§ Your objective: Write out all the data verbatim. Skip images.

§ Data segment:
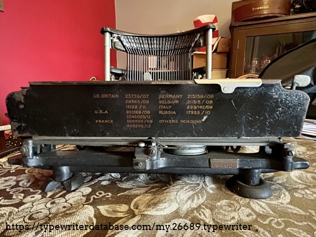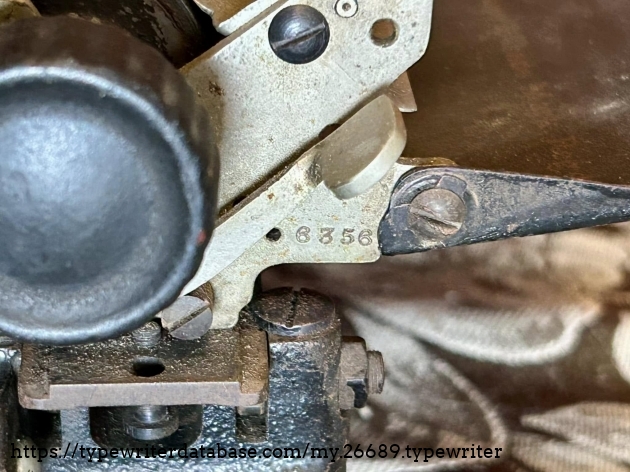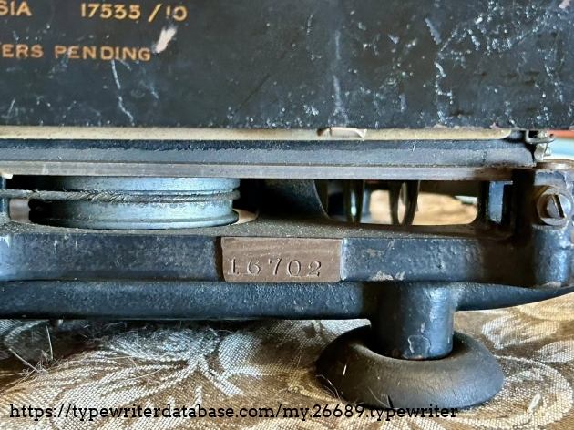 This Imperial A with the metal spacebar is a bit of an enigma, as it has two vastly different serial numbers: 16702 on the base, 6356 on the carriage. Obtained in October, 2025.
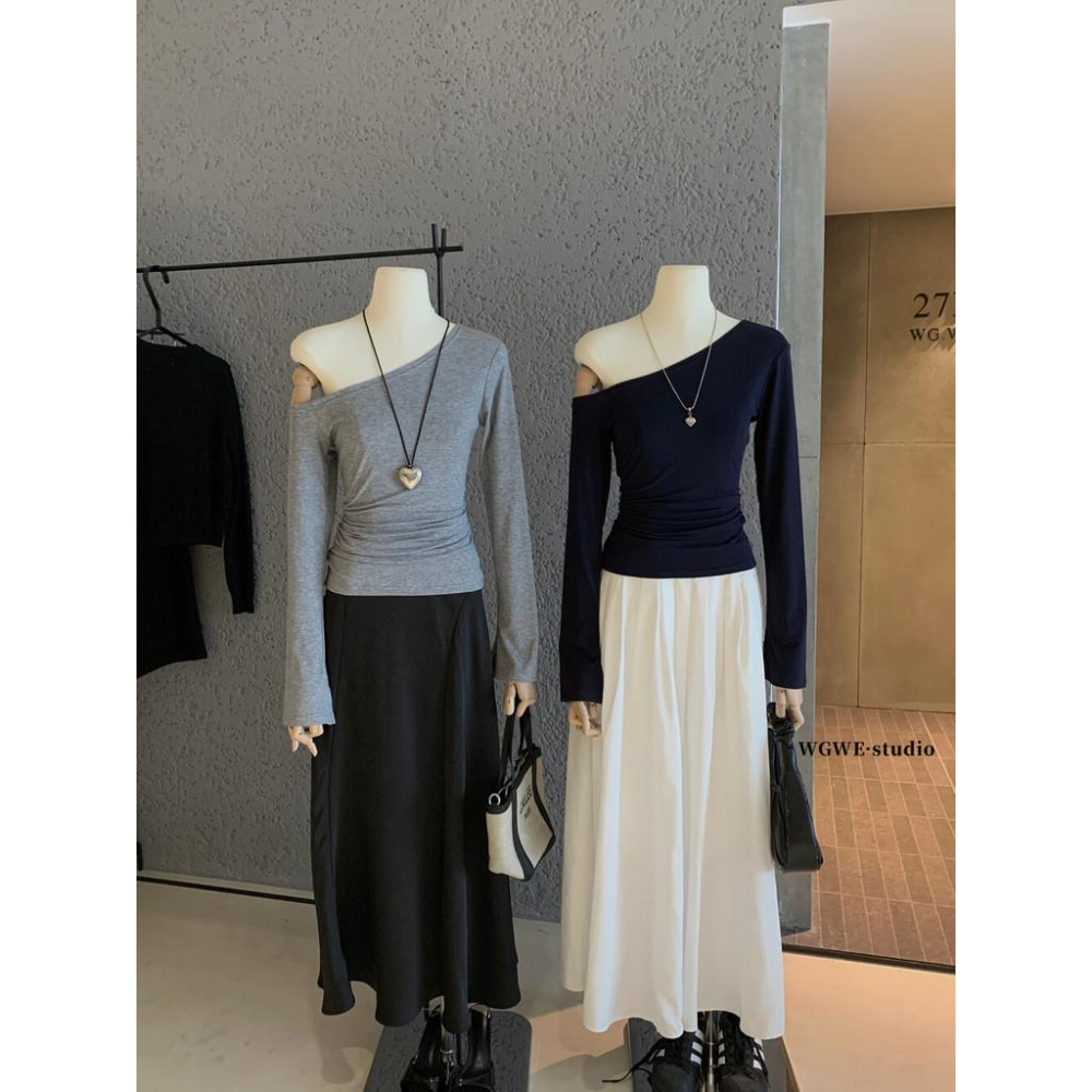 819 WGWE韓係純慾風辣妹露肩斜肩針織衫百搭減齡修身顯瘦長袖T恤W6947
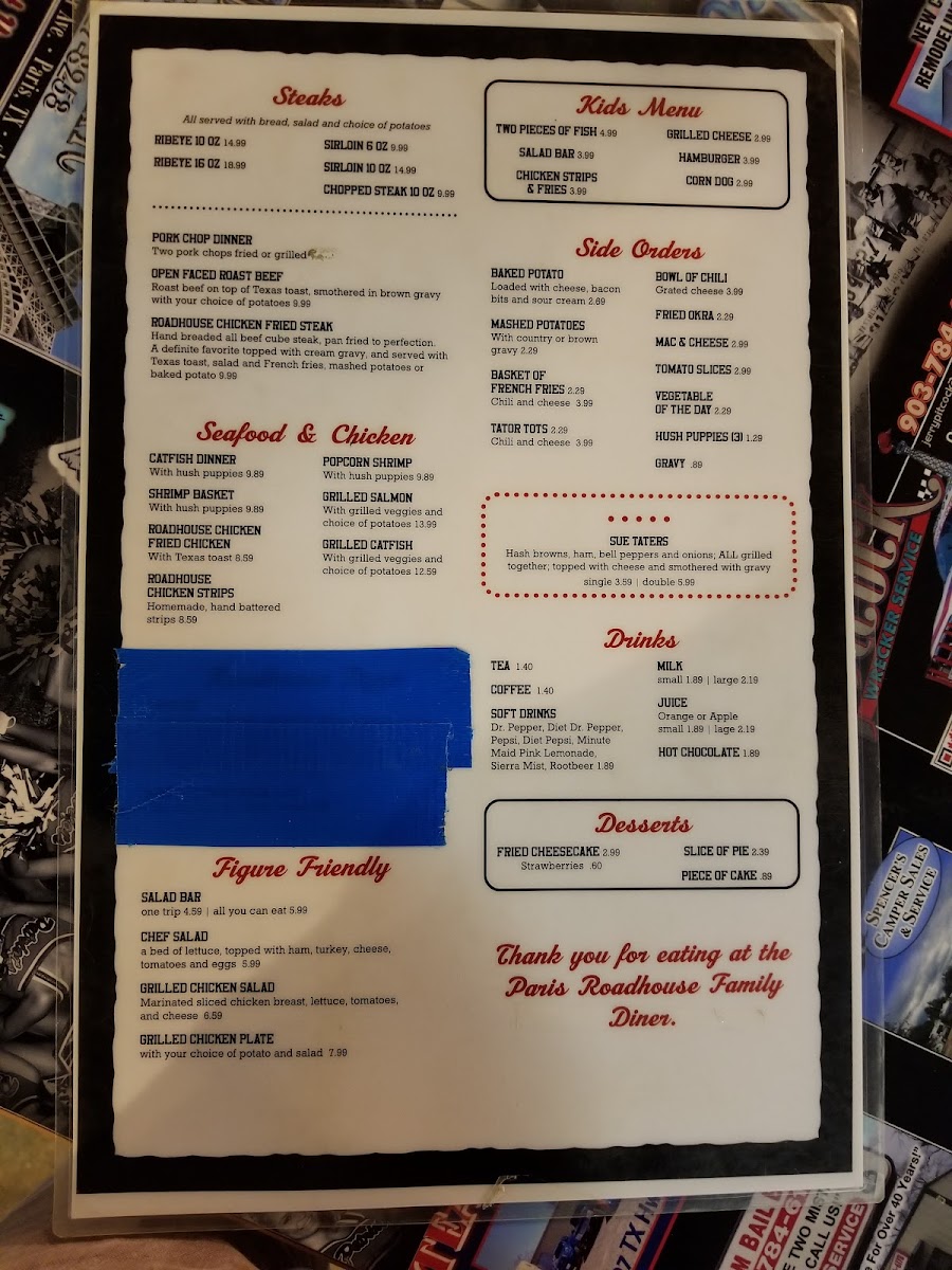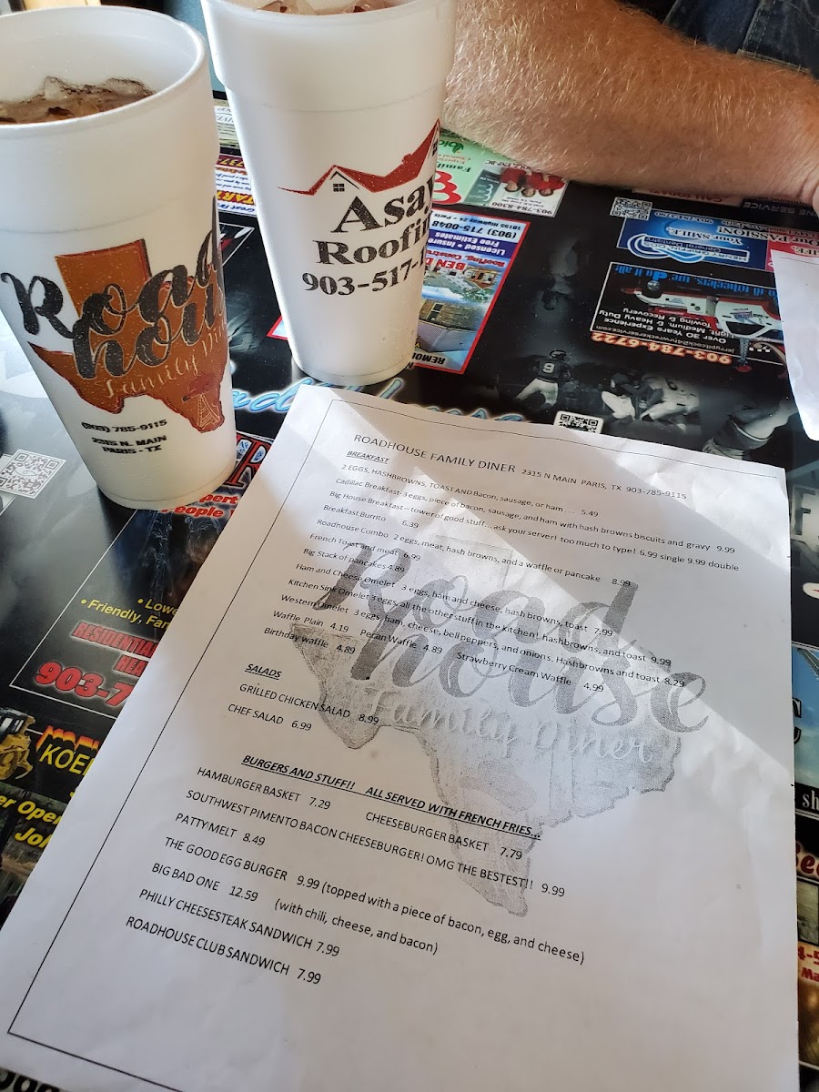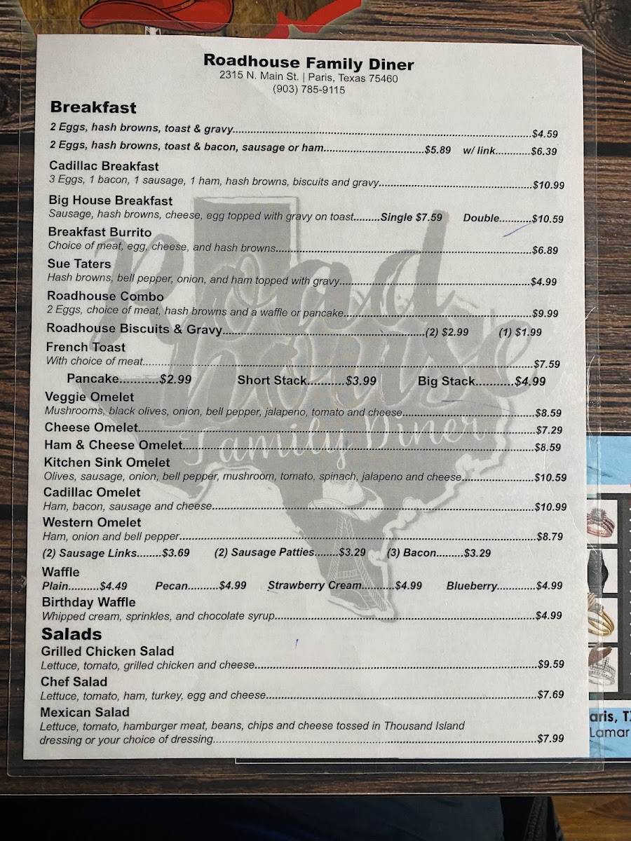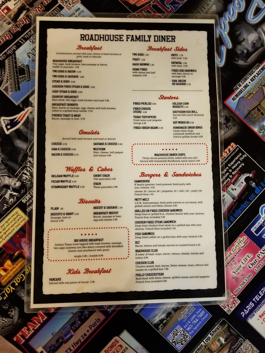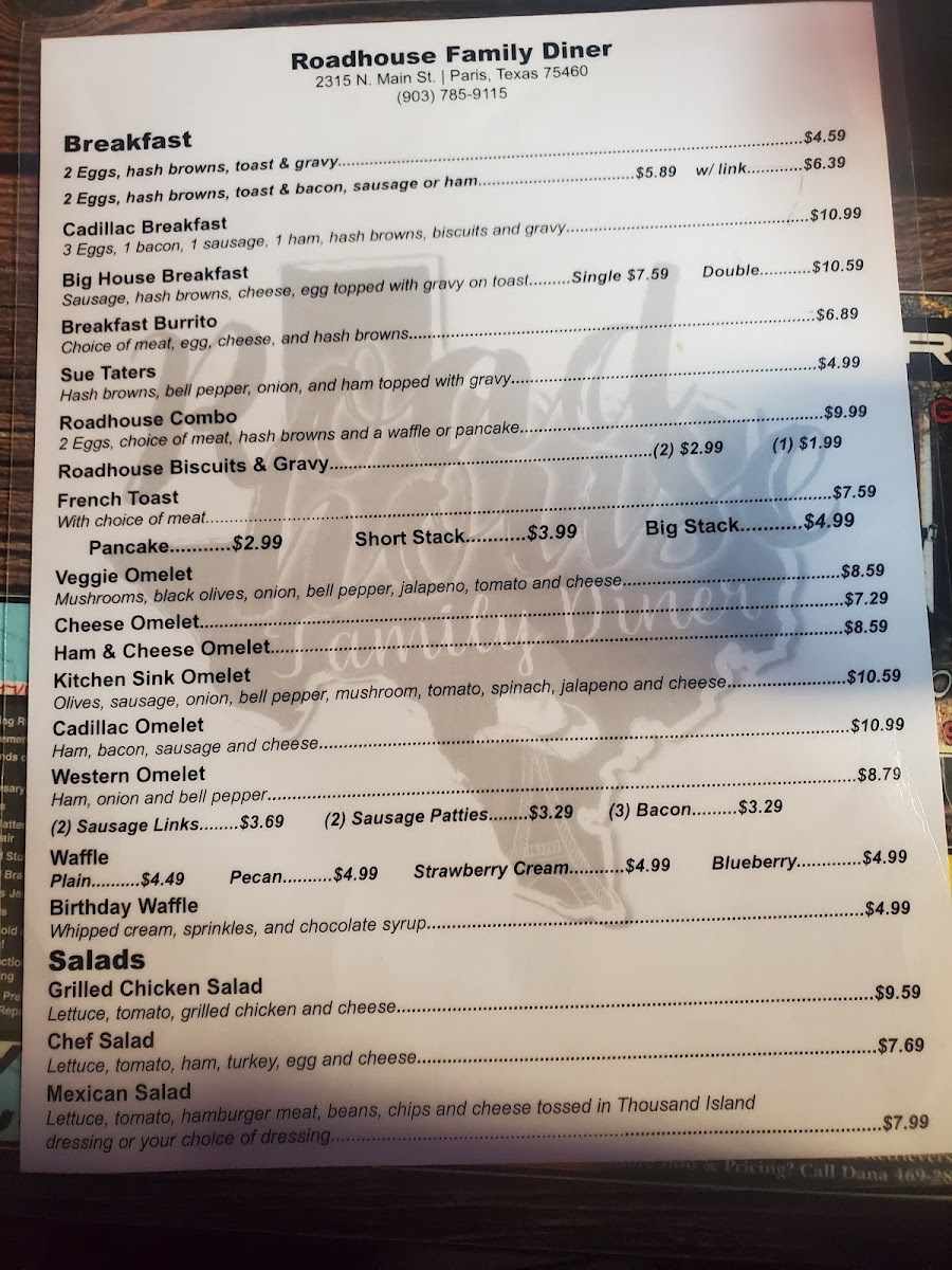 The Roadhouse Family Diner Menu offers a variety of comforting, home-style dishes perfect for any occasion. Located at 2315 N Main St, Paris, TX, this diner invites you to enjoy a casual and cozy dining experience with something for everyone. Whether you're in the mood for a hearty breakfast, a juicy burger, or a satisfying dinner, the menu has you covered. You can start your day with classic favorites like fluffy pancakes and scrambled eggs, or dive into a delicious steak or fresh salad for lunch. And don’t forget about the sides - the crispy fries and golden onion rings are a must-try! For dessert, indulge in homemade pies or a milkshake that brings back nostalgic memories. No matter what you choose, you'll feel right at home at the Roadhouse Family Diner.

§ Solution:
 This Imperial A with the metal spacebar is a bit of an enigma, as it has two vastly different serial numbers: 16702 on the base, 6356 on the carriage. Obtained in October, 2025.
 819 WGWE韓係純慾風辣妹露肩斜肩針織衫百搭減齡修身顯瘦長袖T恤W6947
 The Roadhouse Family Diner Menu offers a variety of comforting, home-style dishes perfect for any occasion. Located at 2315 N Main St, Paris, TX, this diner invites you to enjoy a casual and cozy dining experience with something for everyone. Whether you're in the mood for a hearty breakfast, a juicy burger, or a satisfying dinner, the menu has you covered. You can start your day with classic favorites like fluffy pancakes and scrambled eggs, or dive into a delicious steak or fresh salad for lunch. And don’t forget about the sides - the crispy fries and golden onion rings are a must-try! For dessert, indulge in homemade pies or a milkshake that brings back nostalgic memories. No matter what you choose, you'll feel right at home at the Roadhouse Family Diner.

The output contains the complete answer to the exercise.